AVIC International Aero-Development Corporation Limited
(中航國際航空發展有限公司), a limited liability company
established in the PRC, and one of the JV Partners
“AVIC Aircraft”
AVIC Aircraft Company Limited (中航飛機股份有限公司),
a limited liability company established in the PRC, the A
shares of which are listed on the Shenzhen Stock Exchange
and one of the JV Partners
“AVIC Avionics”
AVIC Avionics Systems Company Limited (中航航空電子
系統有限責任公司), a limited liability company established
in the PRC, and one of the JV Partners
“AVIC Electromechanical
Systems”
AVIC Electromechanical Systems Company Limited (中航
機電系統有限公司), a limited liability company established
in the PRC, and one of the JV Partners
–7–
“AVIC International”
AVIC International Holding Corporation (中國航空技術國
際控股有限公司), a limited liability company established in
the PRC, a controlling shareholder of the Company
“AVIC Shenzhen”
AVIC International Shenzhen Company Limited (中國航空
技術深圳有限公司), a limited liability company established
in the PRC, a controlling shareholder of the Company, and as
at the date of this announcement, its entire equity interest is
owned by AVIC International
“Board”
the board of Directors
“Capital Contribution
Agreement”
the capital contribution agreement in relation to the JV
Company dated 11 November 2014 entered into among the
JV Partners regarding the establishment of the JV Company
“Company”
AVIC International Holdings Limited (中航國際控股股份
有限公司) (formerly known as CATIC Shenzhen Holdings
Limited (深圳中航集團股份有限公司)), a joint stock limited
company incorporated in the PRC with limited liability,
whose H Shares are listed on the Stock Exchange
“connected person(s)”
has the meaning ascribed thereto under the Listing Rules
“Director(s)”
the director(s) of the Company
“Group”
the Company and its subsidiaries
“HK$”
Hong Kong dollar(s), the lawful currency of Hong Kong
“Hong Kong”
the Hong Kong Special Administrative Region of the PRC
“Independent Third Party(ies)”
any person or company and their respective ultimate
beneficial owner(s) which are third parties independent of
the Company and its connected persons (as defined under the
Listing Rules)
“JV Company”
a limited liability company, proposed to be named as 中航
飛機西安民機有限責任公司 (AVIC Aircraft Xian Civil
Aircraft Co. Ltd) to be established in the PRC pursuant to
the Capital Contribution Agreement
“JV Partners”
AVIC Aircraft, Shanxi Aircraft, AVIC Electromechanical
Systems, AVIC ADE, AVIC Avionics and the Company
“Listing Rules”
the Rules Governing the Listing of Securities on the Stock
Exchange
–8–
“percentage ratios”
has the meaning ascribed to such term under the Listing
Rules
“PRC”
The People’s Republic of China
“RMB”
Renminbi, the lawful currency of the PRC
“Shanxi Aircraft”
Shanxi Aircraft Property Development Group Co., Ltd (陝
西航空產業發展集團有限公司), a limited liability company
established in the PRC and one of the JV Partners
“Share(s)”
share(s) of the Company
“Shareholder(s)”
holder(s) of shares (including domestic shares and H shares)
of the Company
“Stock Exchange”
The Stock Exchange of Hong Kong Limited
“%”
per cent.
In this announcement, the English names of the PRC entities are translation of their
Chinese names, and are included herein for identification purpose only. In the event of any
inconsistency, the Chinese names shall prevail.
By order of the Board
AVIC International Holdings Limited
Wu Guang Quan
Chairman
Shenzhen, PRC, 11 November 2014
As at the date of this announcement, the Board comprises a total of 9 Directors, Mr. Wu
Guang Quan, Mr. You Lei, Mr. Lai Wei Xuan, Mr. Pan Lin Wu, Mr. Chen Hong Liang and Mr.
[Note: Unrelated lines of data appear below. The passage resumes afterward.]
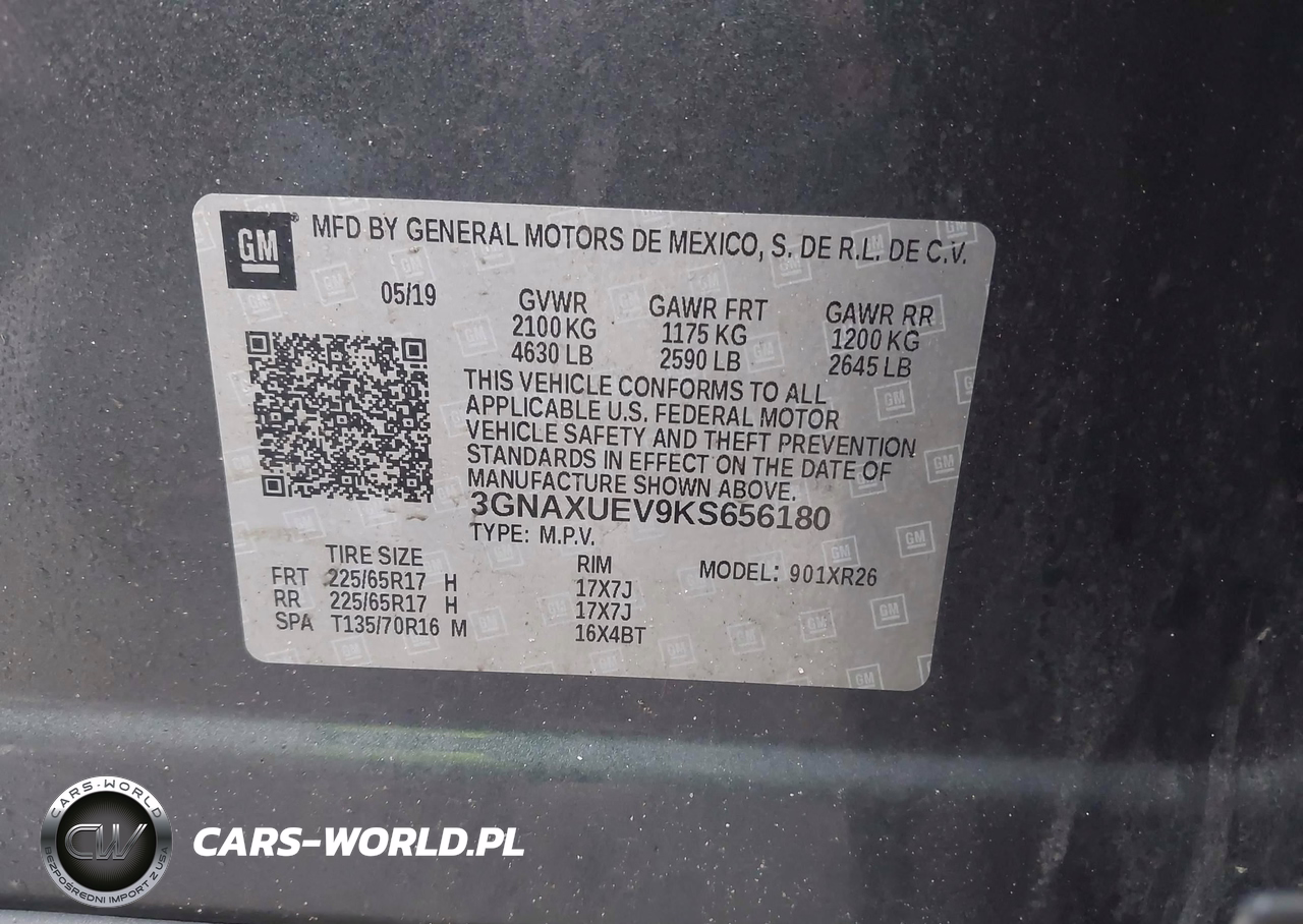 IAAI Nr: I-44619690 VIN: 3GNAXUEV9KS656180 Port: Elizabeth, NJ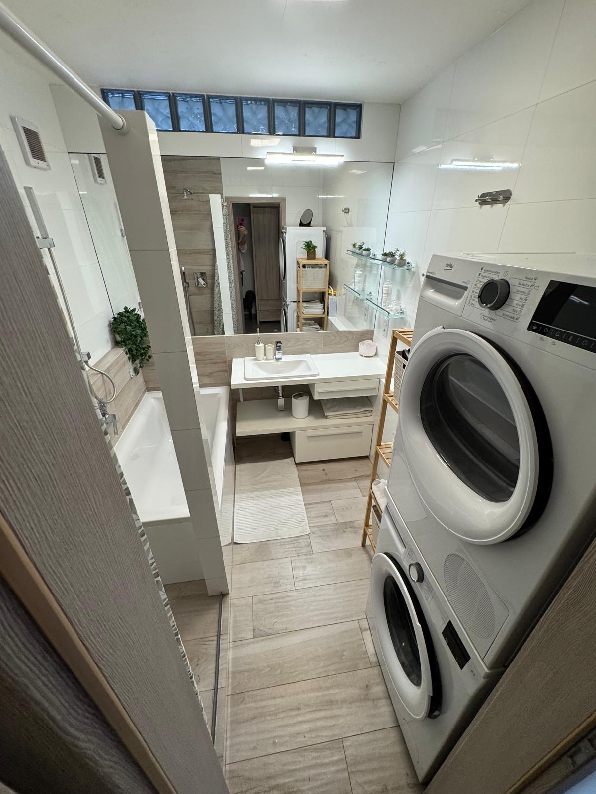 - kúpeľňa s vaňou, sprchovacím kútom, umývadlom, práčkou a sušičkou,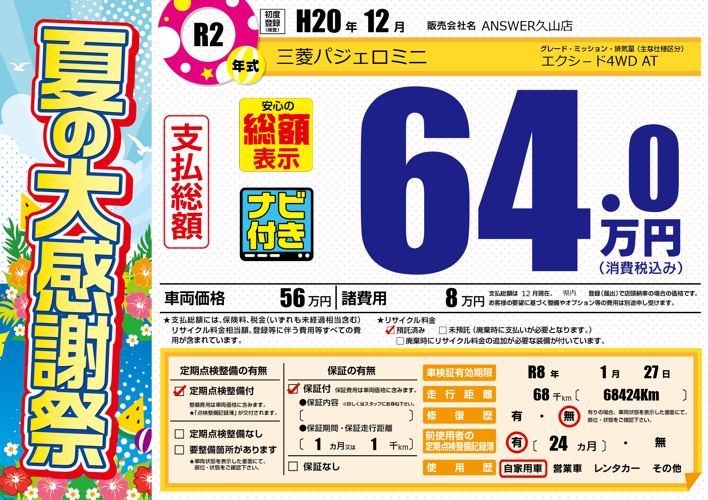 なし | 車検制限 | R8年1月27月 |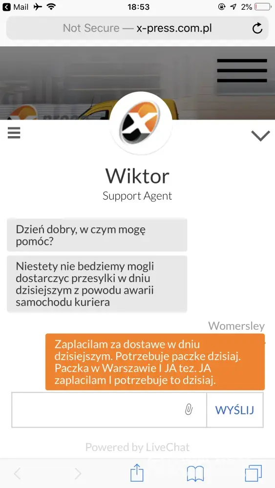 It is now 7pm the following day and I still have not received my order. Despite trying to contact the courier several times and being ignored on the online chatting system. When I finally got a response I was told that my delivery will not come today due to the driver having a road accident on route.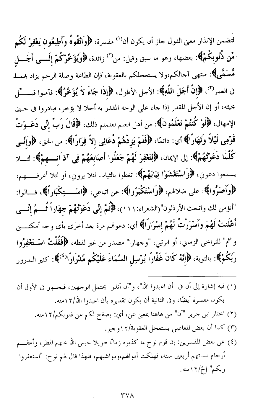 لتضمن الإنذار معنى القول جاز أن يكون أن مفسرة، (وَاتَّقُوهُ وَأَطِيعُونِ يَغْفِرْ لَكُمْ مِنْ ذُنُوبِكُمْ): بعضها، وهو ما سبق وقيل: من زائدة، (وَيُؤَخِّرْكُمْ إِلَى أَجَلٍ مُّسَمًّى): منتهى آجالكم، ولا يستعجلكم بالعقوبة، فإن الطاعة وصلة الرحم يزاد بهما في العمر، (إِنَّ أَجَلَ اللهِ): الأجل الأطول، (إِذَا جَاءَ لَا يُؤَخَّرُ): فآمِنوا قبْل مجيئه، أو إن الأجل المقدر إذا جاء على الوجه المقدر به أجلاً لا يؤخر، فبادروا في حين الإمهال، (لَوْ كُنتُمْ تَعْلَمُونَ): من أهل العلم لعلمتم ذلك، (قَالَ رَبِّ إِنِّي دَعَوْتُ قَوْمِي لَيْلًا وَنَهَارًا) أي: دائمًا، (فَلَمْ يَزِدْهُمْ دُعَائِي إِلَّا فِرَارًا): من الحق، (وَإِنِّي كُلَّمَا دَعَوْتُهُمْ): إلى الإيمان، (لِتَغْفِرَ لَهُمْ جَعَلُوا أَصَابِعَهُمْ فِي آذَانِهِمْ): لئلا يسمعوا دعوتي، (وَاسْتَغْشَوْا ثِيَابَهُمْ): تغطوا بالثياب لئلا يروني، أو لئلا أعرفهم، (وَأَصَرُّوا): على ضلالهم، (وَاسْتَكْبَرُوا): عن اتباعي، (اسْتِكْبَارًا)، قالوا: (أنؤمن لك واتبعك الأرذلون) [الشعراء: 111]، (ثُمَّ إِنِّي دَعَوْتُهُمْ جِهَارًا ثُمَّ إِنِّي أَعْلَنْتُ لَهُمْ وَأَسْرَرْتُ لَهُمْ إِسْرَارًا) أي: دعوتهم مرة بعد أخرى بأي وجه أمكنني و " ثم " للتراخي الزماني، أو الرتبي، " وجهارًا " مصدر من غير لفظه، (فَقُلْتُ اسْتَغْفِرُوا رَبَّكُمْ): بالتوبة، (إِنَّهُ كَانَ غَفَّارًا يُرْسِلِ السَّمَاءَ عَلَيْكُم مِّدْرَارًا): كثير الدرور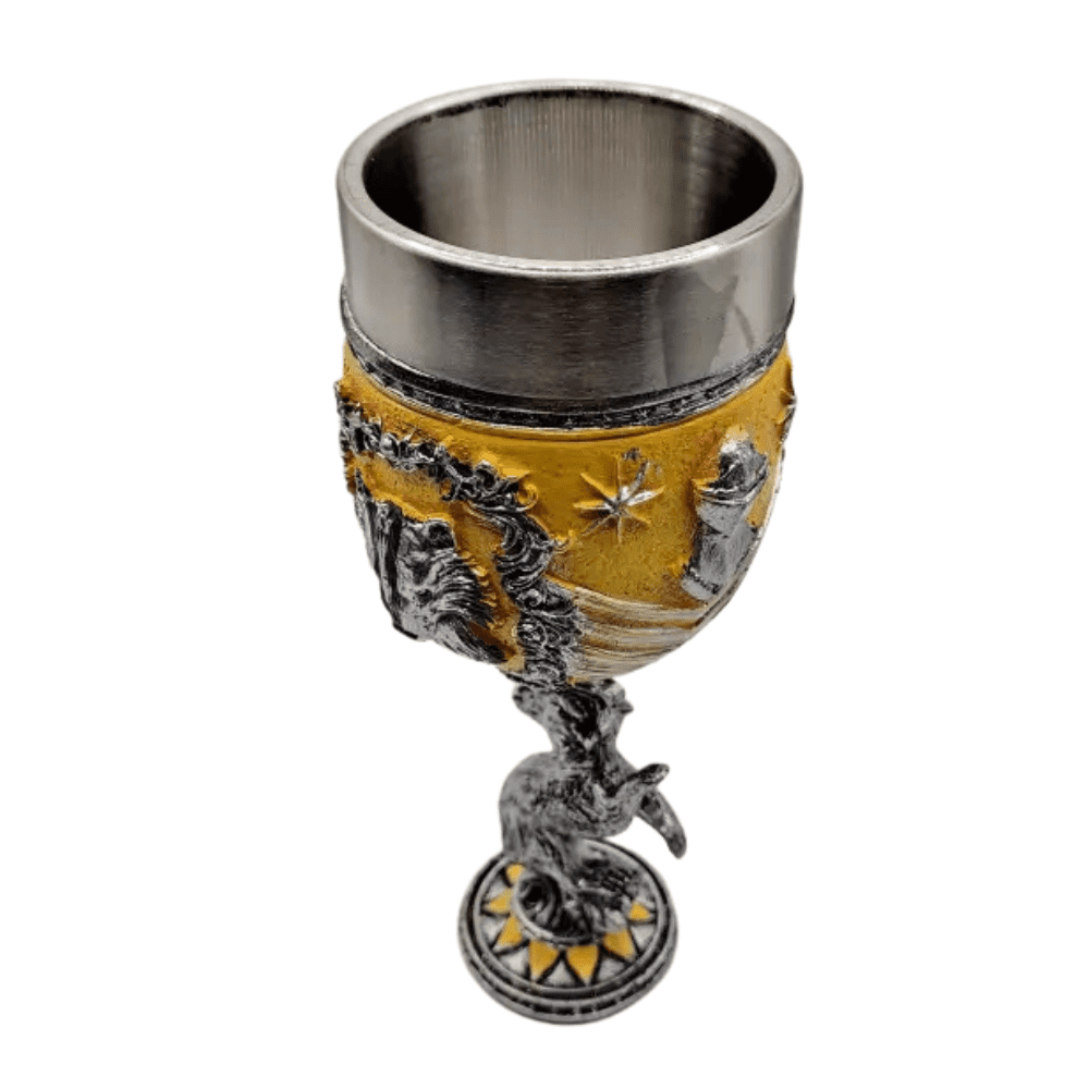 Epski kelih iz smole, z vložkom iz nerjavečega jekla in čudovitimi okraski.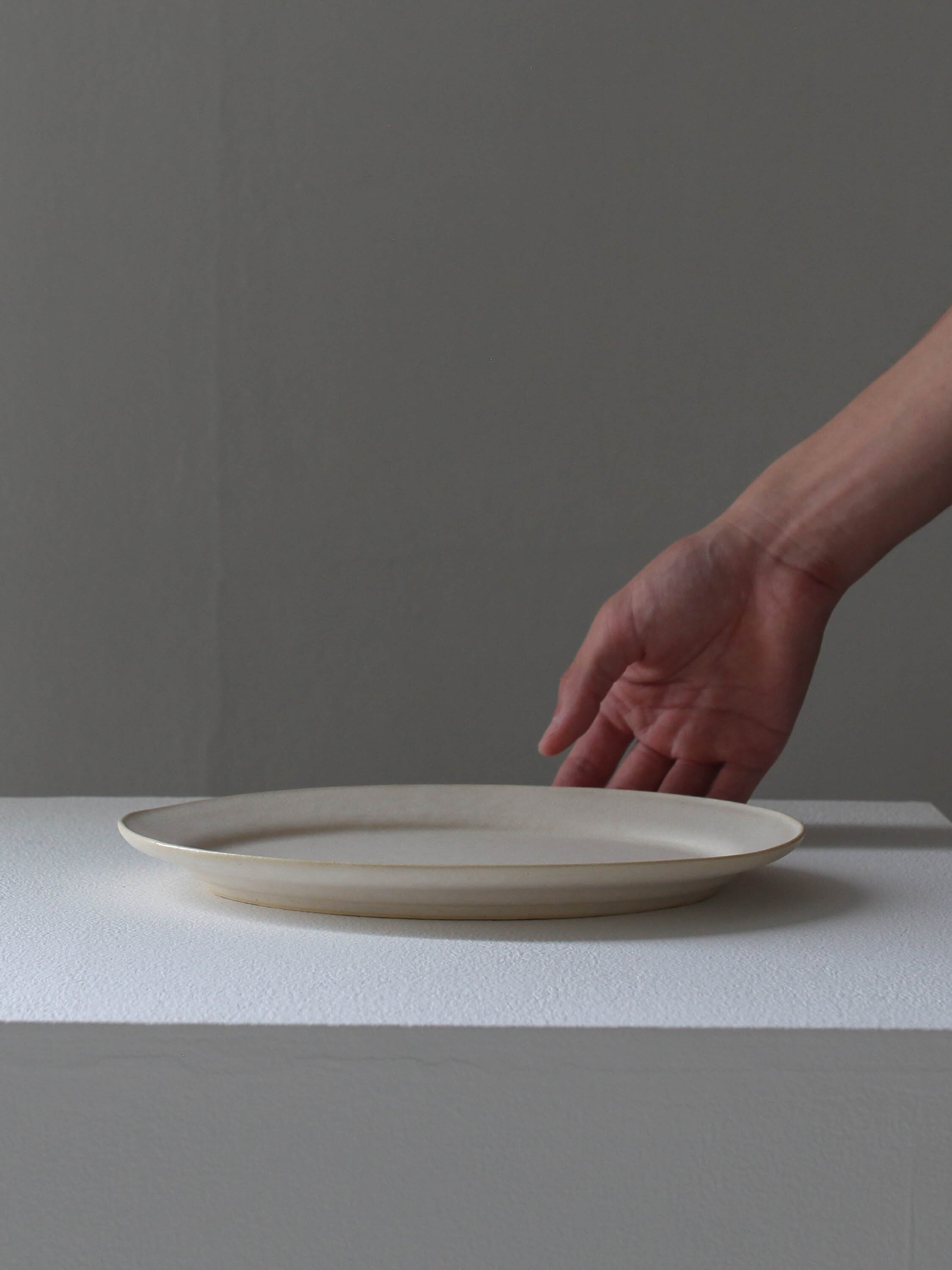 佐野さん柔らかい白を纏った作品が届きました。それらを並べたとき、私は道具というよりも、抽象的な道具の形をした土の塊を眺めている気持ちになりました。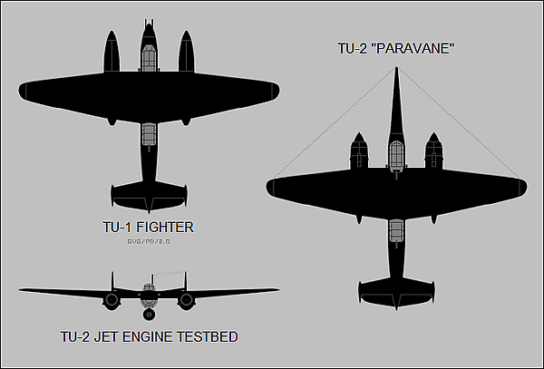 - Ту-2 «Параван» — построено два самолёта для испытания паравана — устройства, перерезающего тросы воздушных аэростатов.[8][9]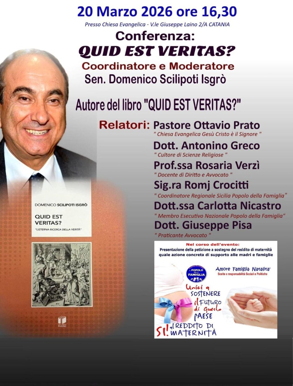 Venerdì 20 marzo 2026, alle ore 16.30, presso la Chiesa Evangelica di viale Giuseppe Laino 2/A a Catania, si terrà la presentazione dell’opera “Quid est Veritas?”, del sen. Domenico Scilipoti Isgrò e del giornalista Bruno Volpe.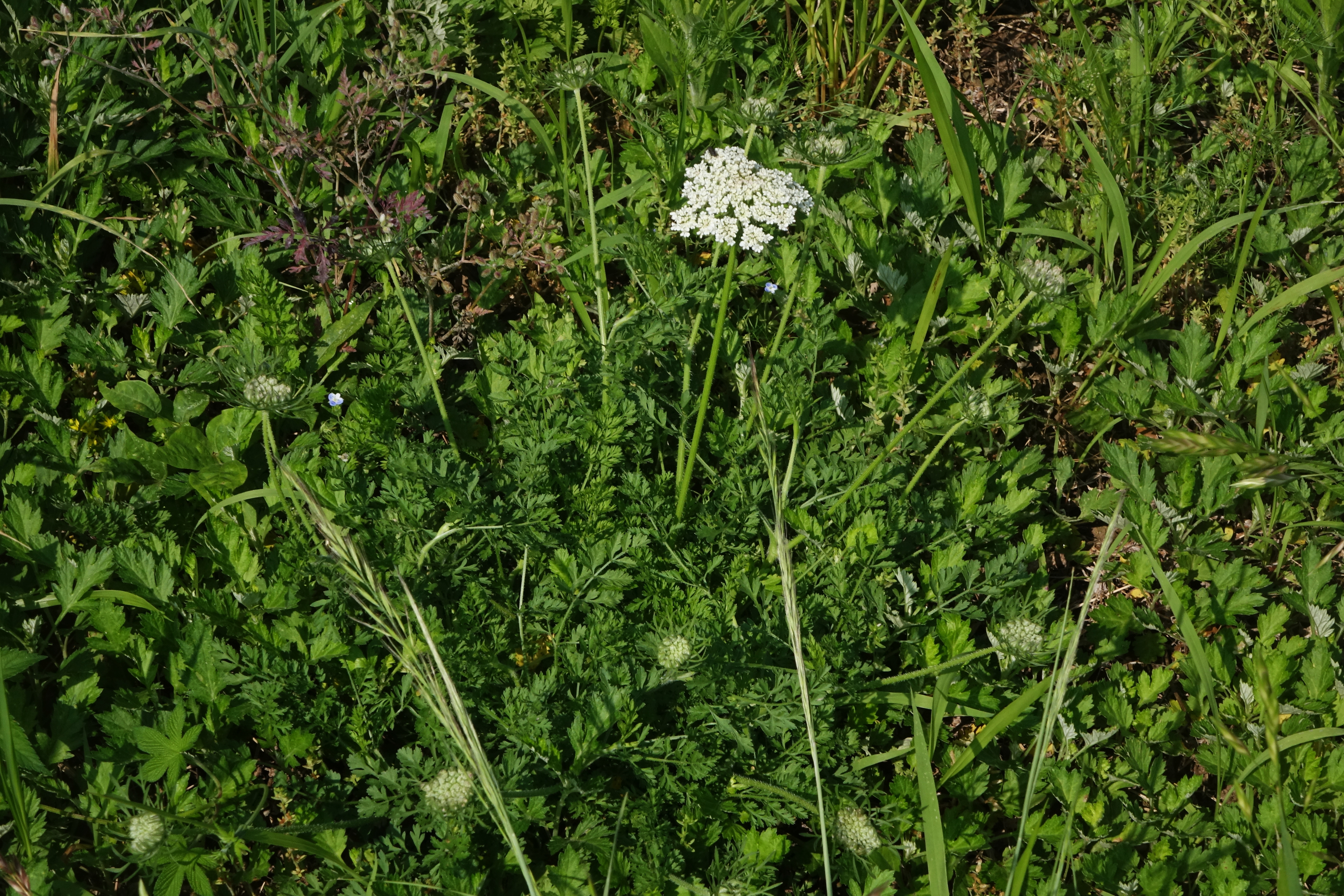 산당근; 잎과 꽃이 당근과 조금 비슷하기는 하나 키는 훨씬 크고 당근 같은 뿌리는 없는 여러해살이풀로 유럽 등지에서 들어 온 귀화식물이라고 한다. 들어 온 시기나 사는 곳도 불분명하나 앞으로 여기저기서 발견될 가능성이 크다고 한다. 당근은 중앙아시아가 원산지로 홍당무란 뿌리를 말하기도 하는데 조선 말기에 들어 온 왜래 식물로 귀화식물이라는 점에서 산당근도 같다고 할 수 있다.

Liu Jun as executive Directors; and Ms. Wong Wai Ling, Mr. Wu Wei and Mr. Zhang Ping as
independent non-executive Directors.
Unless otherwise specified in this announcement, amounts denominated in RMB have been
converted into Hong Kong dollars at HK$1.00 to RMB$0.80 for illustration purpose only. No
representation has been made by the Company that any amount have been, could have been or
could be converted at the above rate or at any other rates or at all.